-- PROVIDED INFORMATION --

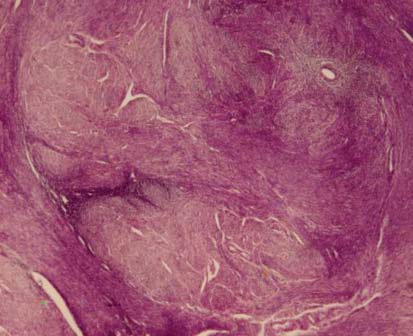 Рис. 1. Очаг Ам с ПЛГ, отграниченный от окружающего миометрия. Окраска – гематоксилин-эозин, ув. х200
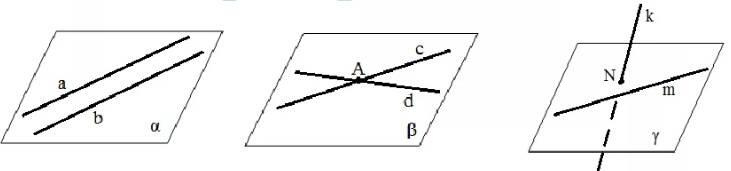 В первом случае Отрезки a и b параллельны и находятся в плоскости α. Во втором случае Отрезки c и d пересекаются и в пересечении рождают Точку А и находятся в плоскости β. В третьем случае Отрезки k и m скрещиваются. Отрезок m лежит в плоскости γ, а Отрезок k пересекает плоскость γ и рождает Точку N.
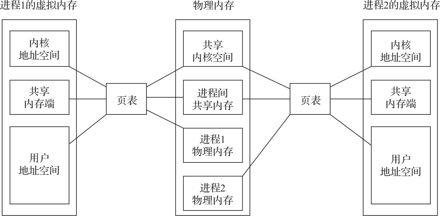 内核使用的空间是共享的,各个进程可以通过系统内核来操作这部分内存空间。进程通信空间是给多个进程或者多个线程间通信用的。每个进程可以在执行数据写入时申请自己独立的内存物理空间。
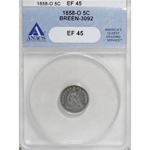 <B>1858-O H10C XF45 ANACS.</B></I> Breen-3092. NGC Census: (1/170). PCGS Population (4/144). Mintage: 1,660,000. Numismedia Wsl. Price for NGC/PCGS coin in XF45: $78. (#4369)<BR><I>From The Al Blythe Collection of Half Dimes.</B></I><BR><BR><B>Coin Engraver:</B> Christian Gobrecht<BR><BR><b>Shipping:</b> Coins & Currency (<a target="_blank" href="http://www.heritageauctions.com/common/shipping.php">view shipping information</a>)
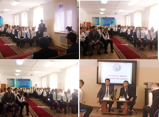В рамках проекта" Саналы ұрпақ " - Жарқын болашақ 10 октября 2019 года со студентами І-ІІ курсов колледжа была проведена встреча первого заместителя руководителя департамента Агентства по противодействию коррупции по Жамбылской области Толебаева Равиля Куанышбаевича.
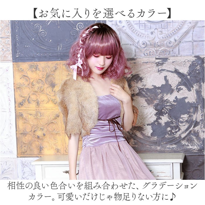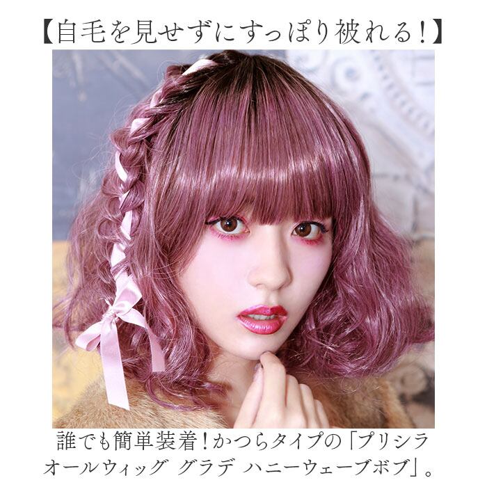 ・誰でも簡単装着!かつらタイプの「プリシラオールウィッグ グラデ ハニーウェーブボブ」。

-- WORK INSTRUCTIONS --
The entries are to be written out again exactly, without their pictures.

-- SOLUTION FOR THIS TASK --
 Рис. 1. Очаг Ам с ПЛГ, отграниченный от окружающего миометрия. Окраска – гематоксилин-эозин, ув. х200
 В первом случае Отрезки a и b параллельны и находятся в плоскости α. Во втором случае Отрезки c и d пересекаются и в пересечении рождают Точку А и находятся в плоскости β. В третьем случае Отрезки k и m скрещиваются. Отрезок m лежит в плоскости γ, а Отрезок k пересекает плоскость γ и рождает Точку N.
 内核使用的空间是共享的,各个进程可以通过系统内核来操作这部分内存空间。进程通信空间是给多个进程或者多个线程间通信用的。每个进程可以在执行数据写入时申请自己独立的内存物理空间。
 <B>1858-O H10C XF45 ANACS.</B></I> Breen-3092. NGC Census: (1/170). PCGS Population (4/144). Mintage: 1,660,000. Numismedia Wsl. Price for NGC/PCGS coin in XF45: $78. (#4369)<BR><I>From The Al Blythe Collection of Half Dimes.</B></I><BR><BR><B>Coin Engraver:</B> Christian Gobrecht<BR><BR><b>Shipping:</b> Coins & Currency (<a target="_blank" href="http://www.heritageauctions.com/common/shipping.php">view shipping information</a>)
В рамках проекта" Саналы ұрпақ " - Жарқын болашақ 10 октября 2019 года со студентами І-ІІ курсов колледжа была проведена встреча первого заместителя руководителя департамента Агентства по противодействию коррупции по Жамбылской области Толебаева Равиля Куанышбаевича.
 ・誰でも簡単装着!かつらタイプの「プリシラオールウィッグ グラデ ハニーウェーブボブ」。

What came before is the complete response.